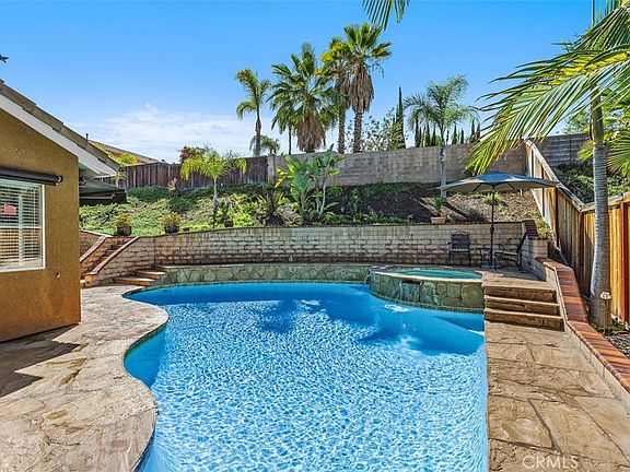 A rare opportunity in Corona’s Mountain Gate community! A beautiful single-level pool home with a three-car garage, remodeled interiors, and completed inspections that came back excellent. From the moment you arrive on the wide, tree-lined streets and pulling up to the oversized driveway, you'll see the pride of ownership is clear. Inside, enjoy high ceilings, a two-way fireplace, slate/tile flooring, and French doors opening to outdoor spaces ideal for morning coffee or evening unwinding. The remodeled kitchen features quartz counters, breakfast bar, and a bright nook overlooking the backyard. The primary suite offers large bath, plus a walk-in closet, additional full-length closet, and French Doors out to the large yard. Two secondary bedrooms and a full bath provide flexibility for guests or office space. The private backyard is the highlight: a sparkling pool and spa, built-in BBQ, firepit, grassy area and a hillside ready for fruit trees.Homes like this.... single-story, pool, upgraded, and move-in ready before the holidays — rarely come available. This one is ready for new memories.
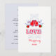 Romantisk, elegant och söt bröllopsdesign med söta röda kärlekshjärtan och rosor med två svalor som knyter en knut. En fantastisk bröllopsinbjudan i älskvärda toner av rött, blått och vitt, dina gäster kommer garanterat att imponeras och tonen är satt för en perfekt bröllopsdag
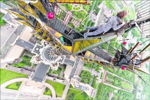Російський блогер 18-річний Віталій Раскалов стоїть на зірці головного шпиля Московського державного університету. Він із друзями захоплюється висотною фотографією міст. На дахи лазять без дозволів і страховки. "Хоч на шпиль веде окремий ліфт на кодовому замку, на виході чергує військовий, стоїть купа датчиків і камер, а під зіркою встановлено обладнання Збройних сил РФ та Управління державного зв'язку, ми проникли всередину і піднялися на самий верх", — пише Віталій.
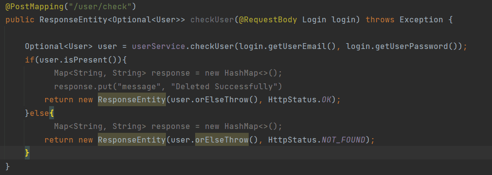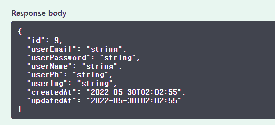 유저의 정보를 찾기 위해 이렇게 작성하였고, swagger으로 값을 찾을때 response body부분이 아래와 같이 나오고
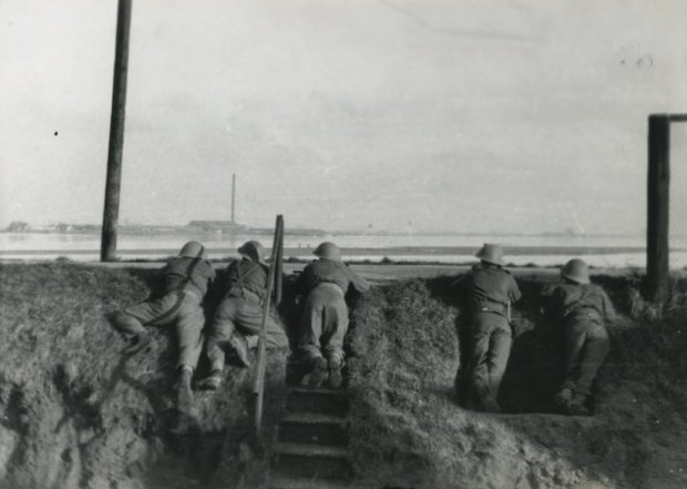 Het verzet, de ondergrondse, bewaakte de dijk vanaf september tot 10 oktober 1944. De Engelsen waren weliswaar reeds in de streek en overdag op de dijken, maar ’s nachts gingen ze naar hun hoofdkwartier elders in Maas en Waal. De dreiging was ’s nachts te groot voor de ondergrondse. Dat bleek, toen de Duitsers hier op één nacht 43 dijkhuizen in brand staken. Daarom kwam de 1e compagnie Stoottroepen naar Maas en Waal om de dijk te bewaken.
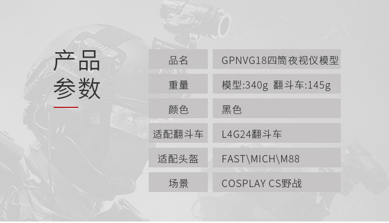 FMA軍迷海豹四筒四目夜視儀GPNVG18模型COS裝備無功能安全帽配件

==

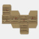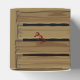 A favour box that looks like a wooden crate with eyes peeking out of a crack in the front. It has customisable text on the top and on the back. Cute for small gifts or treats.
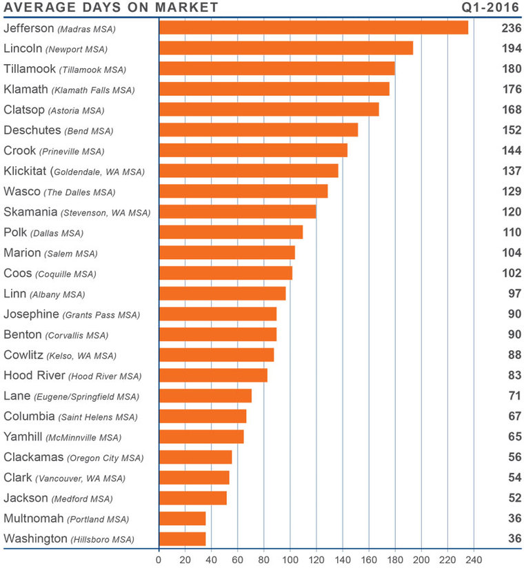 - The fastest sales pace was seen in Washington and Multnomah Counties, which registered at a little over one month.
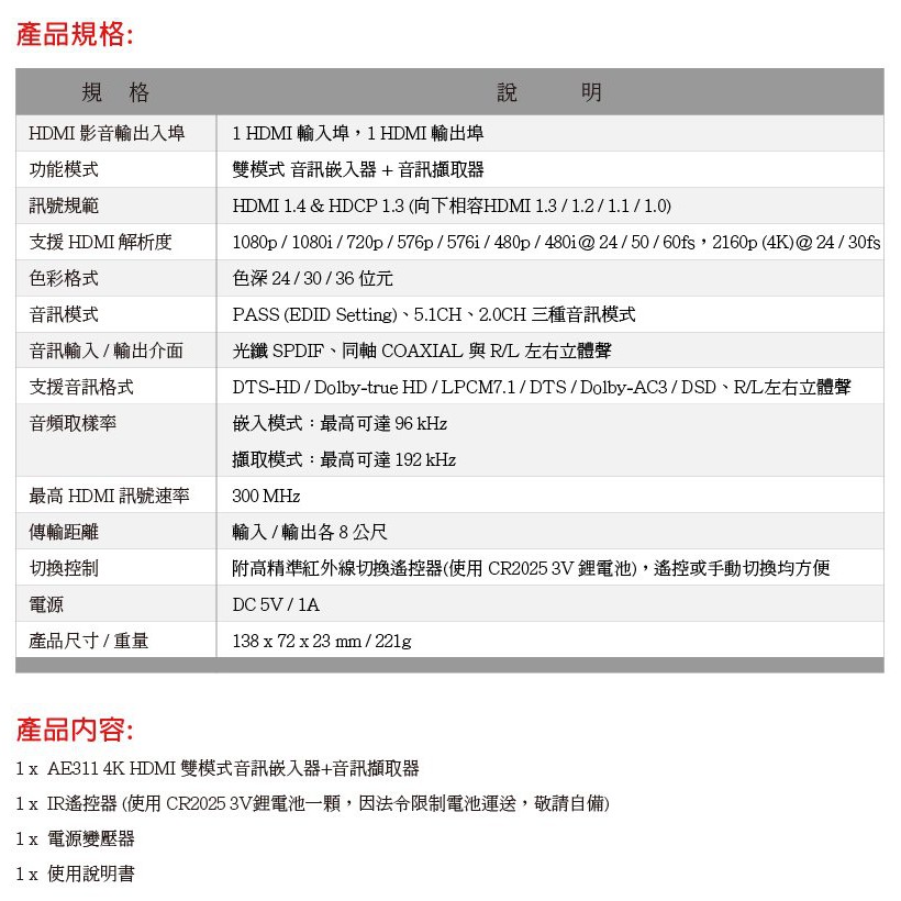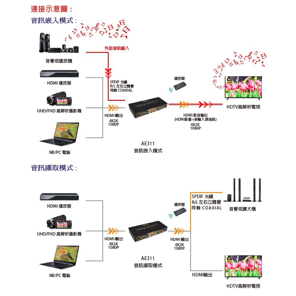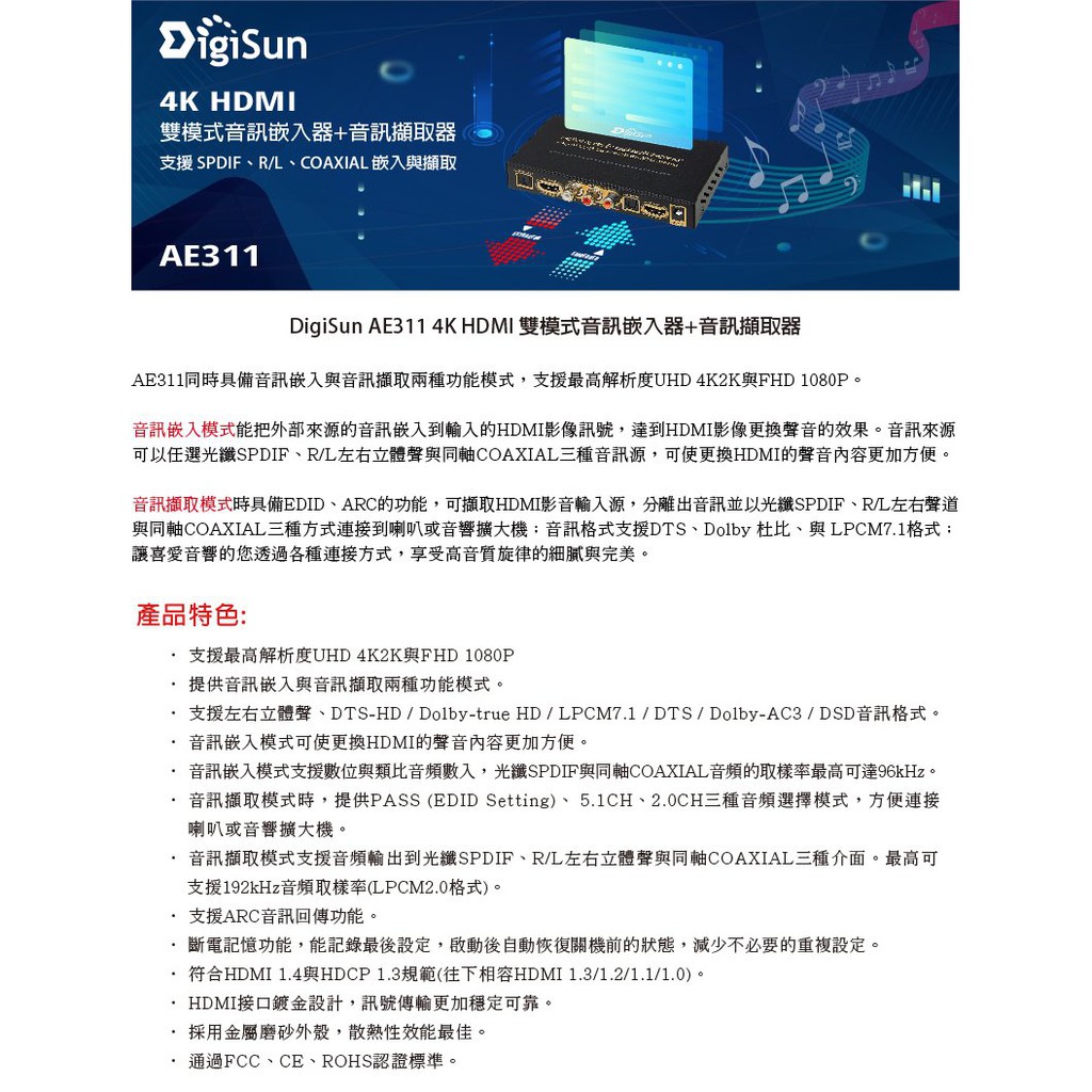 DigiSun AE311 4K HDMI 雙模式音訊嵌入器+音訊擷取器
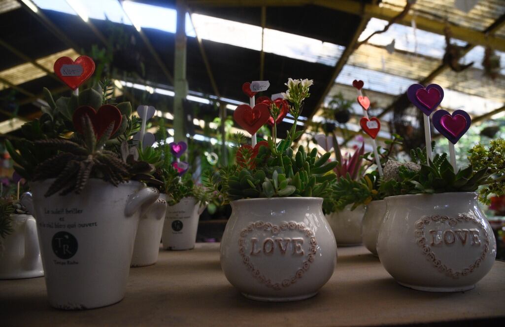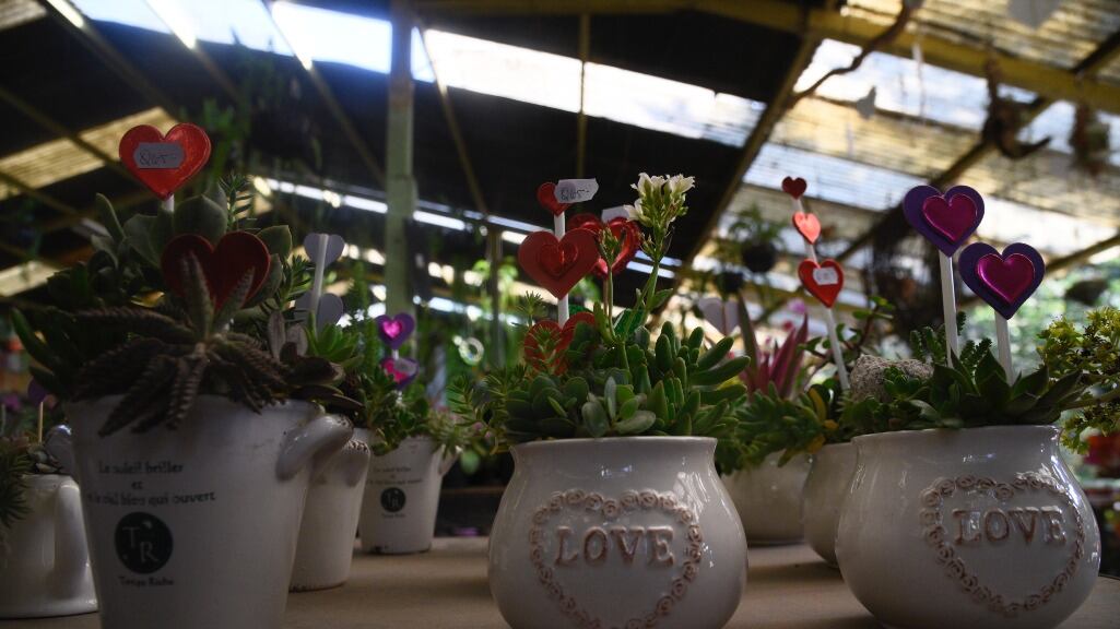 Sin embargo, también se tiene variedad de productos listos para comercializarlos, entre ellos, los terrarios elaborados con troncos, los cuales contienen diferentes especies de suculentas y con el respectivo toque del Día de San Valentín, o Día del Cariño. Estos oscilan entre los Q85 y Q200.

* * *

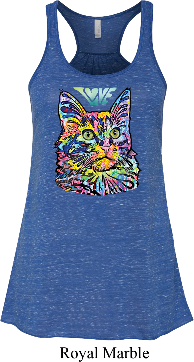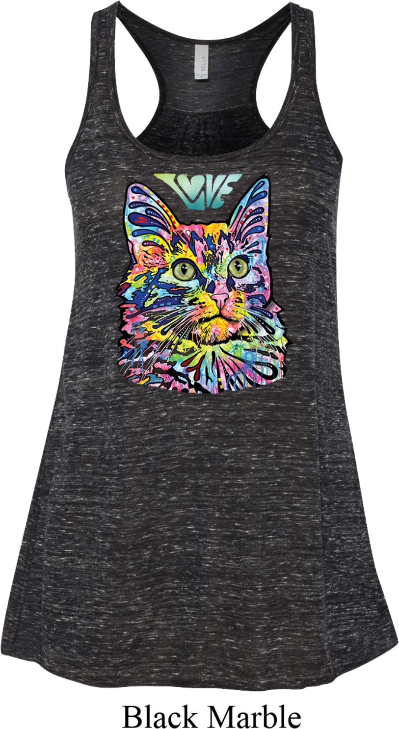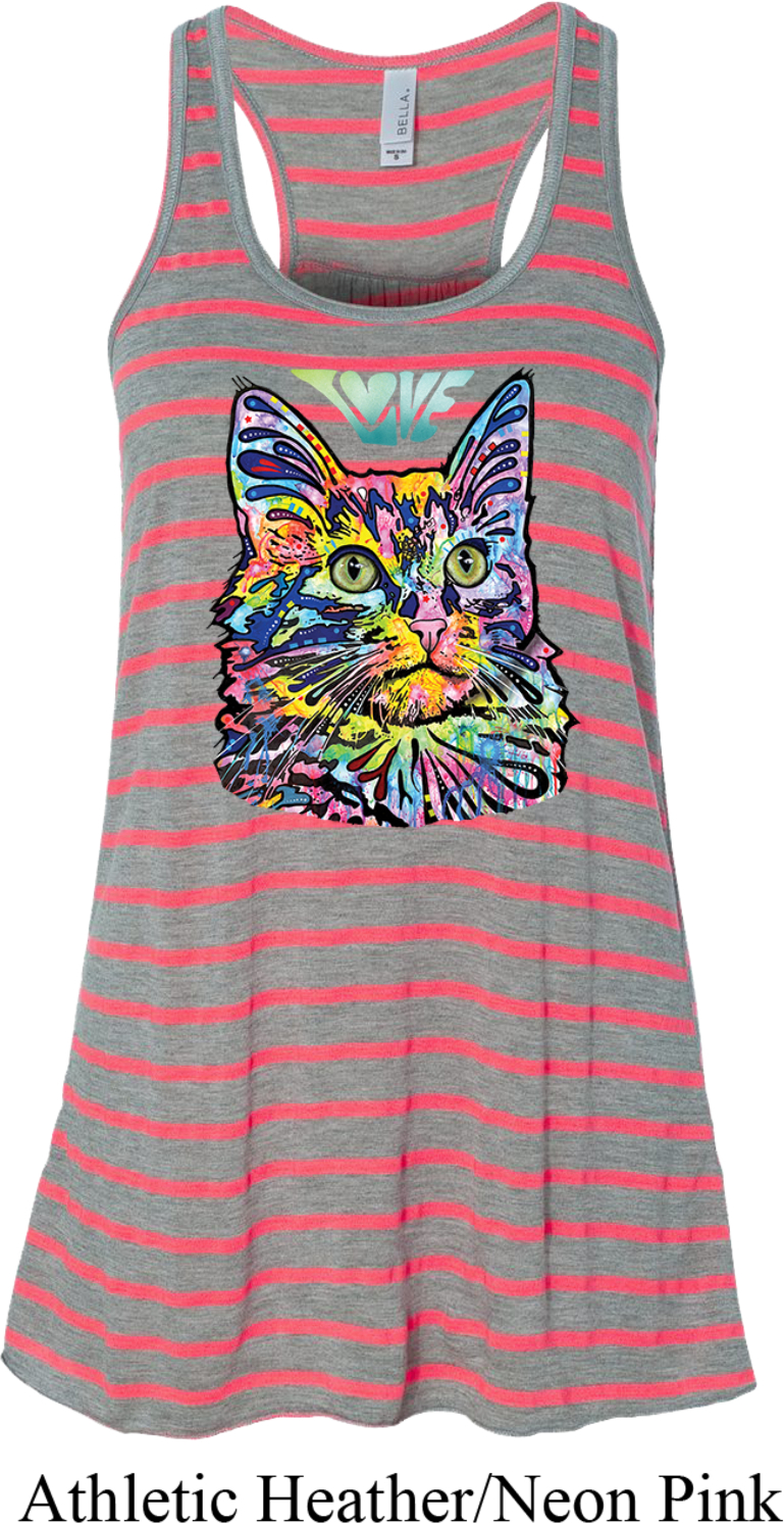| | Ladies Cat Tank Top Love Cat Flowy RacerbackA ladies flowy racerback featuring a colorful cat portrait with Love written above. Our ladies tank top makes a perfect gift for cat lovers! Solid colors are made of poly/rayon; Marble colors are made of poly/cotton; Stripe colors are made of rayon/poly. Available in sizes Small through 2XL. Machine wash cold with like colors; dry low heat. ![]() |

| Your instructions |
An exact copy is needed of the entries above, starting at the line that holds "DigiSun AE311 4K HDMI 雙模式音訊嵌入器+音訊擷取器" and stopping at the line that holds "Sin embargo, también", both kept; pictures stay out.

| Answer to this task |
 DigiSun AE311 4K HDMI 雙模式音訊嵌入器+音訊擷取器
 Sin embargo, también se tiene variedad de productos listos para comercializarlos, entre ellos, los terrarios elaborados con troncos, los cuales contienen diferentes especies de suculentas y con el respectivo toque del Día de San Valentín, o Día del Cariño. Estos oscilan entre los Q85 y Q200.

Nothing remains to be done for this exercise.